**THE TASK:**
The data below contains pictures, which are to be skipped; the lines starting at the line with "我关注易方达半导体设备ETF" and ending at the line with "このような経験がままごとにも反映され、ままごとの食材にあるとうもろこしをもって" are to be output exactly, both ends included.

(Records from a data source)
+--

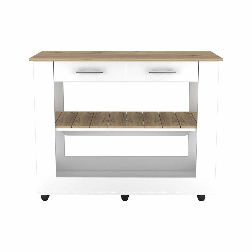 The Tuhome Cala 46 Kitchen Island Brings Style And Functionality To Your Kitchen Space. Unique Features Will Make This Piece Your Most Trusted Allied On Your Kitchen, Featuring: A Large Tabletop (20 Width By 45.9 Length) Will Provide A Spacious Area For Dining, Assist You During Your Meal Prepping Or Provide Ample Space To Display Your Dcor. Two Drawers On The Front And One On The Side Will Cover All Your Storage Needs. Two Open Shelves Located In The Middle And Bottom Of The Island Are A Great Place To Put Your Pots, Pans, And Larger Items. Six Casters With A Locking Mechanism Will Allow You To Move It Around Wherever You May Need It. Product Dimensions Are 20 W X 36.5 H X 45.9 L. It Is Made Of Particle Board With A White And Light Oak Finish.
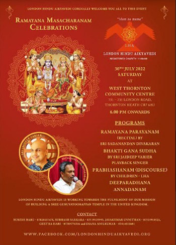 ഈ വര്ഷത്തെ രാമായണ മാസാചരണ ആഘോഷങ്ങളിലേക്ക് എല്ലാ ഭക്തജനങ്ങളായ സഹൃദയരേയും ലണ്ടന് ഹിന്ദു ഐക്യവേദി സംഘാടകര് സ്വാഗതം ചെയ്തു.
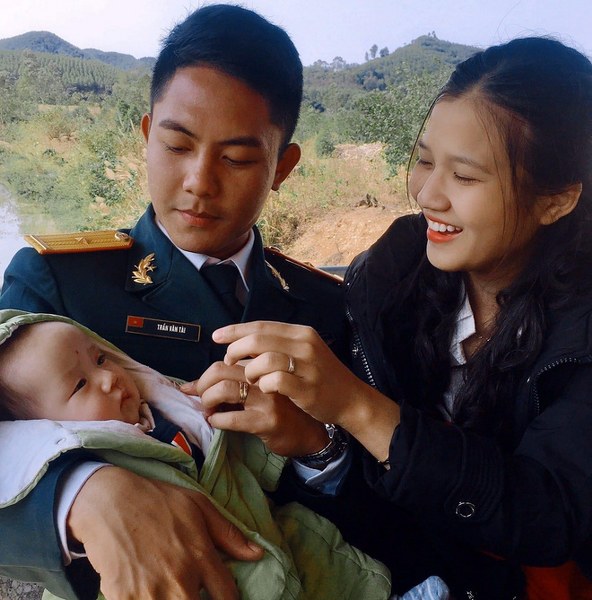 Mái ấm nhỏ của đôi trẻ đã đón chào em bé đầu lòng được 9 tháng tuổi. Ngày vợ sinh Tài chỉ được về thăm vợ con đúng 1 tuần. Nhiều lúc anh chàng cũng muốn được về gần nhưng vì công việc, vì nhiệm vụ, đành phải chấp nhận.
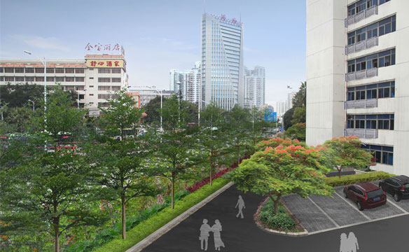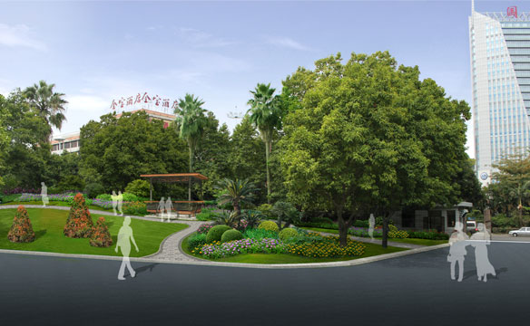 本次设计主要为重新改造场地内原有花池、树池、水景和雕塑小品,修建休憩亭、廊架、园路,增设附属设施使其面貌焕然一新。对主楼附属绿地进行增植,丰富绿化层次,增添景观效果。种植开花色叶植物,爬墙植物,提升彩化效果,弱化挡墙生硬感。重新规划院内停车场的位置,解决场地内停车位数量不足的问题。从整体上提升港务局绿化层次,完善休闲附属设施。
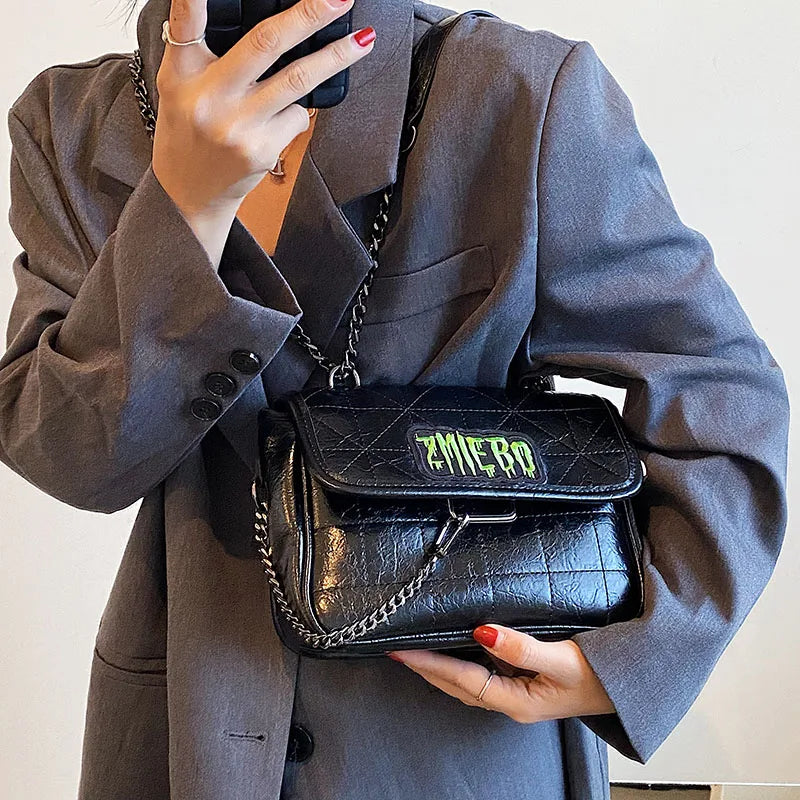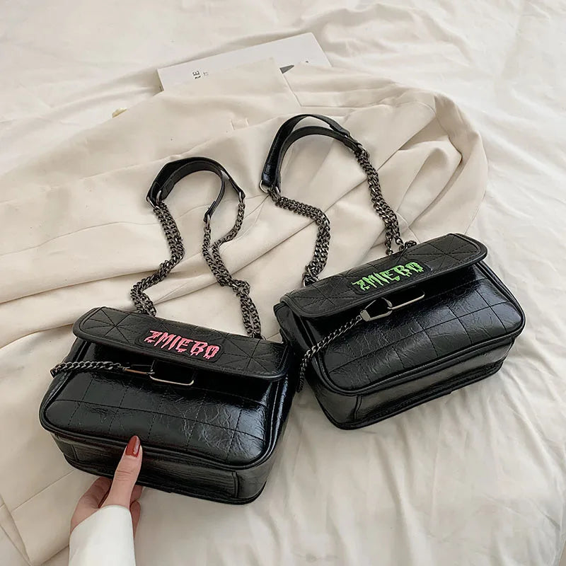 Elevate your look with this Y2K style metallic crossbody bag featuring a top handle and quilted design. Perfect for adding a touch of glam to any outfit.
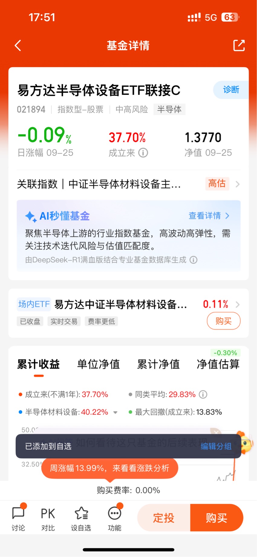 我关注易方达半导体设备ETF联接C,正因其优势贴合需求:一是覆盖全面,跟踪指数囊括半导体设备全产业链龙头,避免单一标的风险,像旅途中多路线备选更稳妥;二是费用划算,无申购费且持有7天免赎回费,短期持有成本低,适合灵活调整;三是门槛不高,10元就能参与,不用“凑路费”,普通人也能分享半导体国产替代红利。
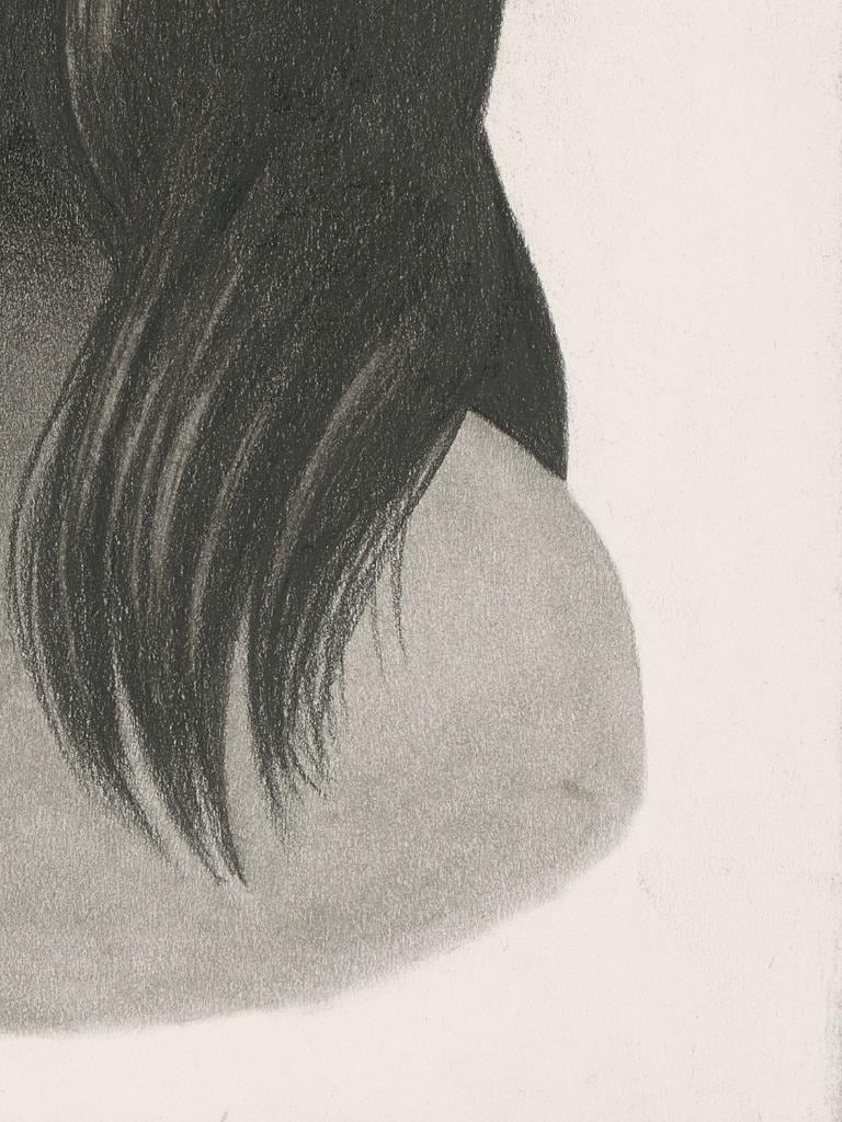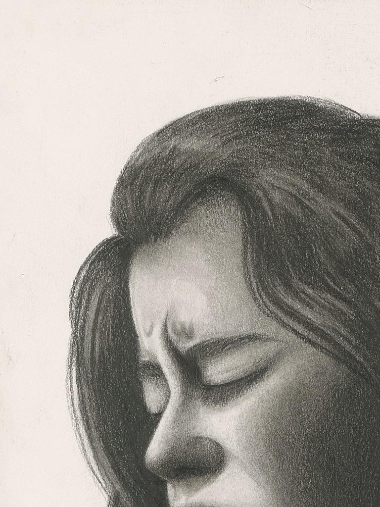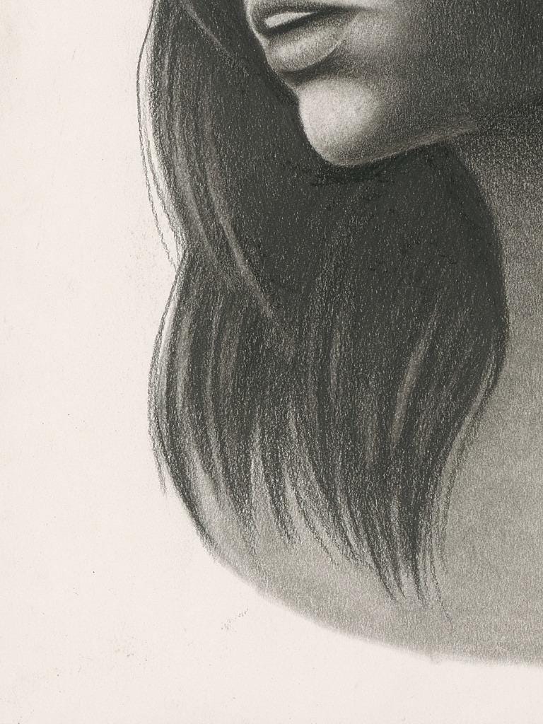 Created entirely with graphite pencil on paper, this piece focuses on subtle shading, soft transitions, and detailed hair texture to create depth and realism. The monochromatic palette enhances the intimacy of the subject, drawing attention to the raw emotion in her expression.
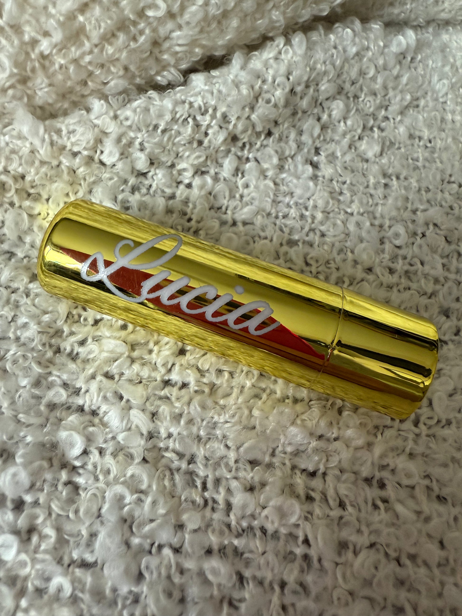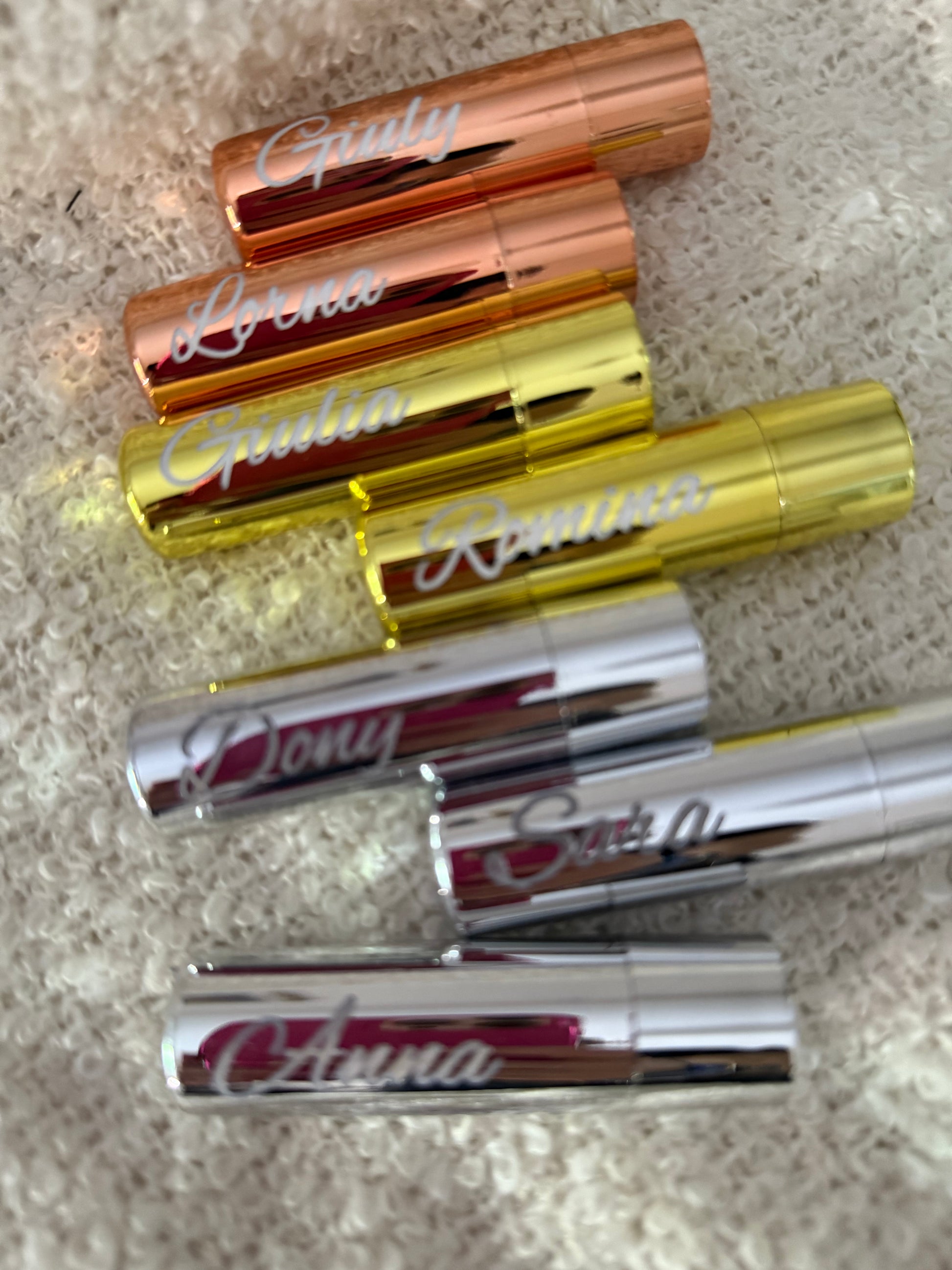 Balsamo labbra con finitura metallica, personalizzato con incisione.
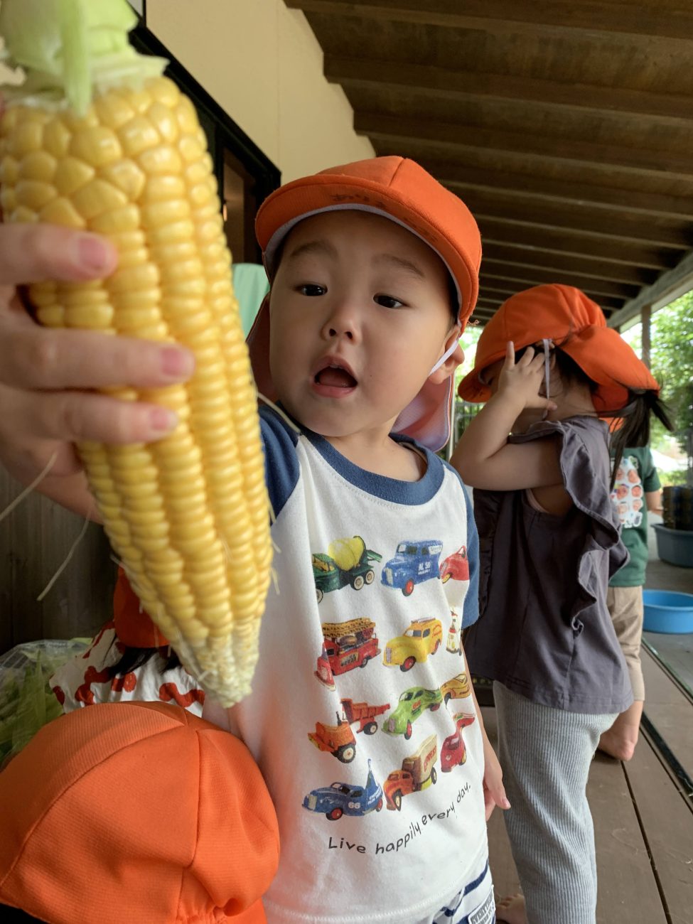 このような経験がままごとにも反映され、ままごとの食材にあるとうもろこしをもって
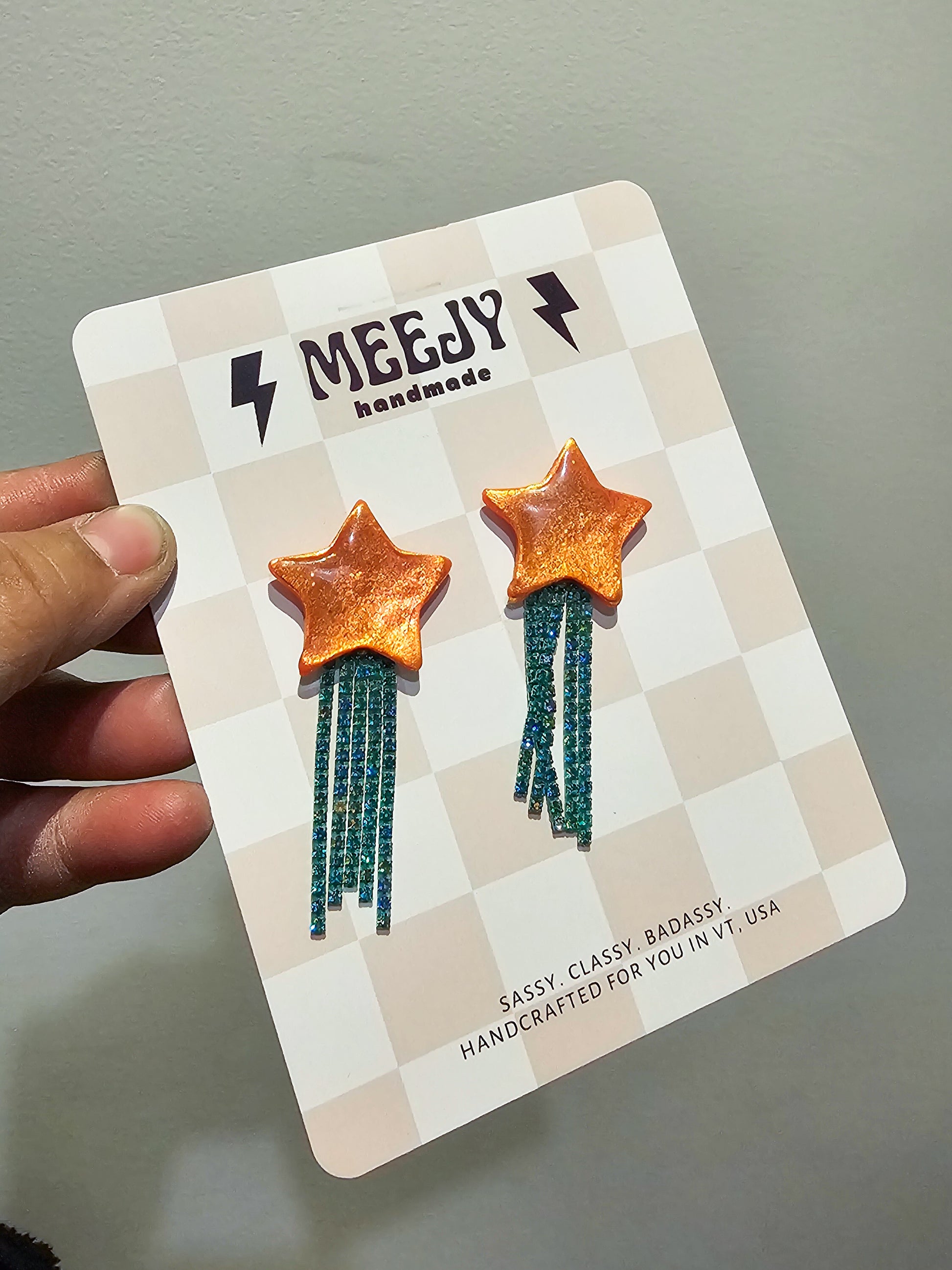 Make a statement with these large stars featuring dazzling rhinestones that sparkle with movement.  These polymer clay earrings feature a hypoallergenic, surgical stainless steel post attached with resin.

+--

**RESULT BELOW:**
 我关注易方达半导体设备ETF联接C,正因其优势贴合需求:一是覆盖全面,跟踪指数囊括半导体设备全产业链龙头,避免单一标的风险,像旅途中多路线备选更稳妥;二是费用划算,无申购费且持有7天免赎回费,短期持有成本低,适合灵活调整;三是门槛不高,10元就能参与,不用“凑路费”,普通人也能分享半导体国产替代红利。
 Created entirely with graphite pencil on paper, this piece focuses on subtle shading, soft transitions, and detailed hair texture to create depth and realism. The monochromatic palette enhances the intimacy of the subject, drawing attention to the raw emotion in her expression.
 Balsamo labbra con finitura metallica, personalizzato con incisione.
 このような経験がままごとにも反映され、ままごとの食材にあるとうもろこしをもって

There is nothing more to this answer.